Starting with Small Lot Sizes
When implementing a new strategy or working with a new broker, it’s advisable to start with small lot sizes. This approach allows you to test the waters and gather data without exposing your account to significant risks. As you gain confidence in the strategy and the broker’s reliability, you can gradually increase the lot sizes.
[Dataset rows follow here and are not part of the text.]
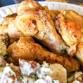 Honey mustard chicken wings are baked in the oven and then covered in homemade honey mustard chicken wing sauce made with honey, dijon mustard, butter, and garlic.
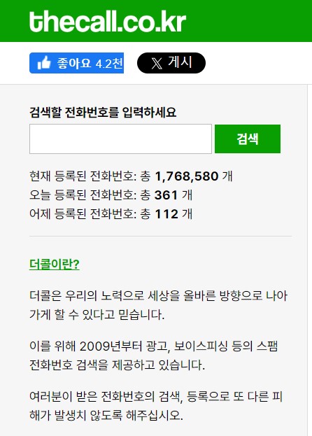 약 170만개의 전화번호 정보를 보유한 사이트입니다. 각종 광고 전화번호도 있어서 스팸 여부를 비교적 정확히 알 수 있습니다. 등록되지 않은 번호는 전화번호를 기반으로 주소를 명기하며, 유사 번호로 위치와 상호 등을 유추할 수 있는 기능도 있습니다.
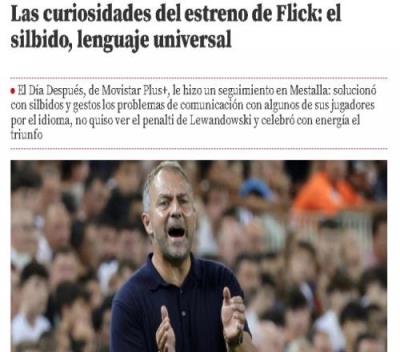 体育资讯8月20日报道宣 西甲首轮,巴萨2-1击败瓦伦西亚。《世界体育报》关注到巴萨主帅弗里克的场边行为和细节。
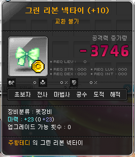 20장 다 사서 발라주니 마력 +23 펫 장비 두개를 만들 수 있었습니다. 메소를 전혀 안 쓰고 마력 +46을 올렸으니 이것도 스펙 업이라고 할 수 있죠.
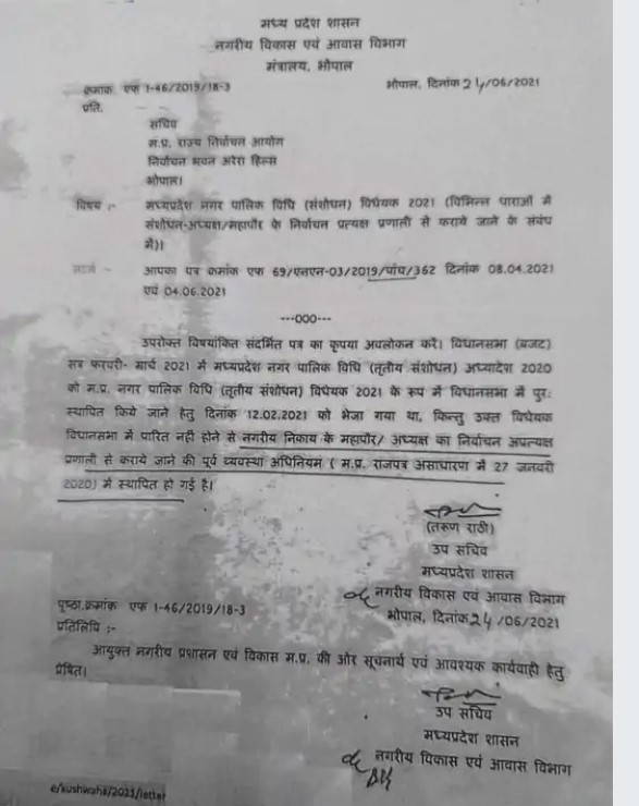 कमलनाथ सरकार के सत्ता से बाहर होने के बाद शिवराज सरकार ने दिसंबर 2020 में कमलनाथ सरकार के फैसले को पलट दिया था। यानी महापौर और अध्यक्ष का चुनाव प्रत्यक्ष प्रणाली से कराने का अध्यादेश जारी कर दिया था। अध्यादेश की अवधि समाप्त होने से पहले मध्य प्रदेश नगर पालिक विधि (संशोधन) विधेयक 2021 को शिवराज सरकार ने विधानसभा के बजट सत्र में पेश नहीं किया था। जबकि प्रस्तावित विधेयक को कैबिनेट से मंजूरी दे दी गई थी। आयोग को लिखे पत्र में सरकार ने इसका हवाला दिया है कि विधेयक को विधानसभा से मंजूरी नहीं मिलने के कारण अप्रत्यक्ष प्रणाली से चुनाव कराए जाएं।
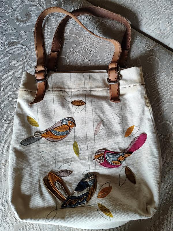 Сумка шопер. Фирменная, вместительная сумка, плотный котон, кожаные ручки. ( есть нюанс на 4 фото, разводы)
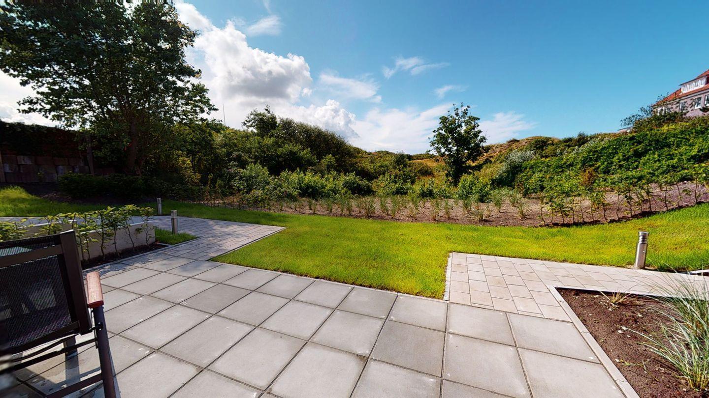 Die Wohnung ist mit Echtholzparkett und Fußbodenheizung ausgestattet, sie hat eine möblierte Terrasse mit unverbautem Dünenblick - inklusive Meeresrauschen.
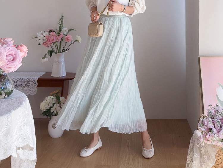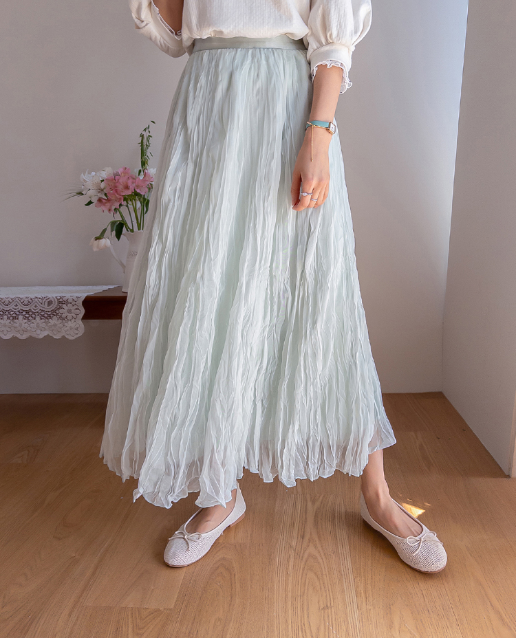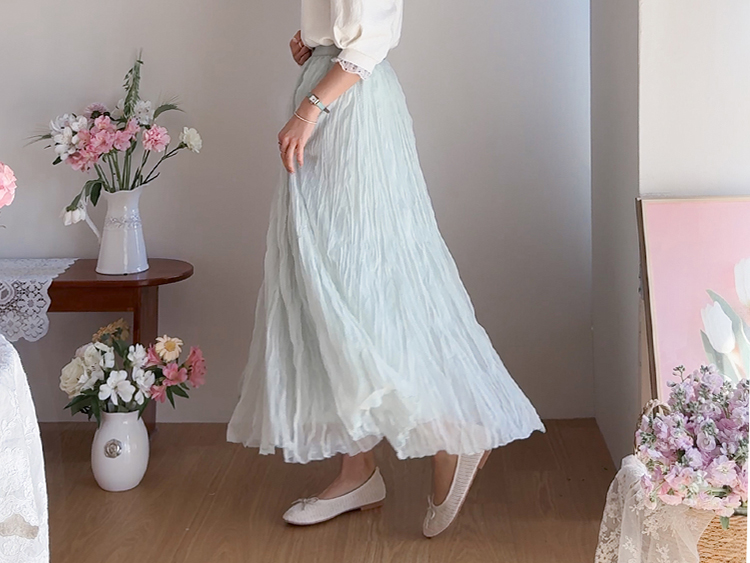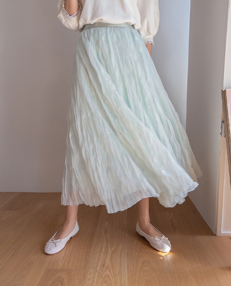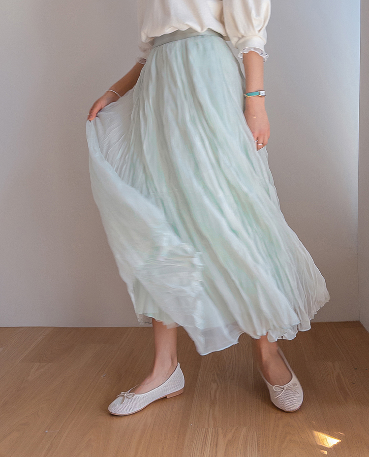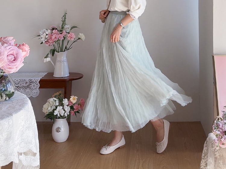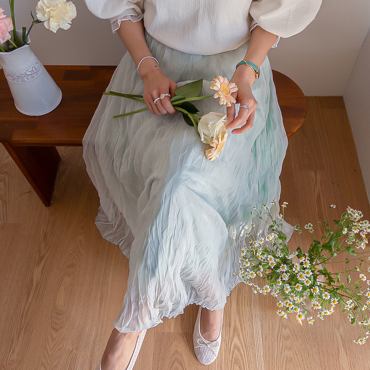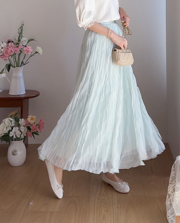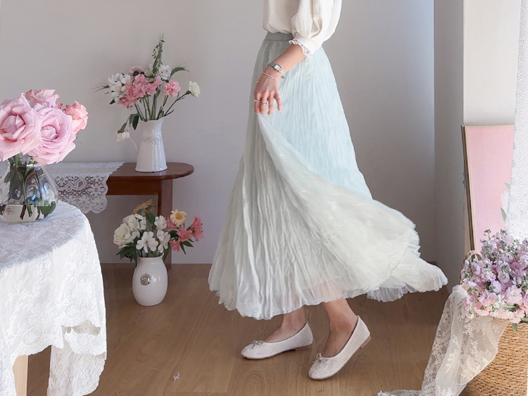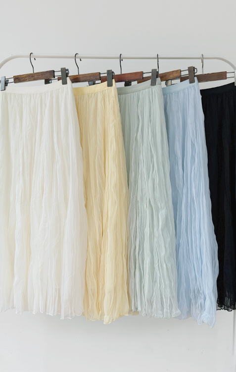 가볍고 여리한 분위기가 돋보이는 쉬폰 훌 스커트 소개드려요 :) 전체적으로 불규칙하게 잡힌 링클 주름이 자연스럽고 내추럴한 텍스처를 만들어주어 움직일 때마다 더욱 멋스럽게 표현돼요. 허리 아래로는 부드럽게 퍼지는 A라인 훌 실루엣으로 가볍고 풍성한 느낌을 살려주면서 체형 커버에도 효과적이에요. 허리는 전체 밴딩으로 제작되어 편안하게 착용 가능하며 장시간 착용에도 부담 없이 입어져요. 티셔츠, 니트, 블라우스 어디에나 잘 어울려 데일리룩부터 여성스러운 코디까지 다양하게 활용하기 좋은 스커트로 추천드릴게요 ♥

Adapting to Market Changes
The forex market is dynamic, and trading conditions can change rapidly. Staying informed about economic events, market trends, and regulatory changes is essential for maintaining the effectiveness of your arbitrage strategy. Being flexible and ready to adapt your approach to new market conditions will help you stay ahead in the competitive forex trading environment.
By incorporating these additional considerations into your trading routine, you can enhance the sustainability and profitability of your arbitrage strategies. Remember, continuous learning and adaptation are key to long-term success in the ever-evolving world of forex trading.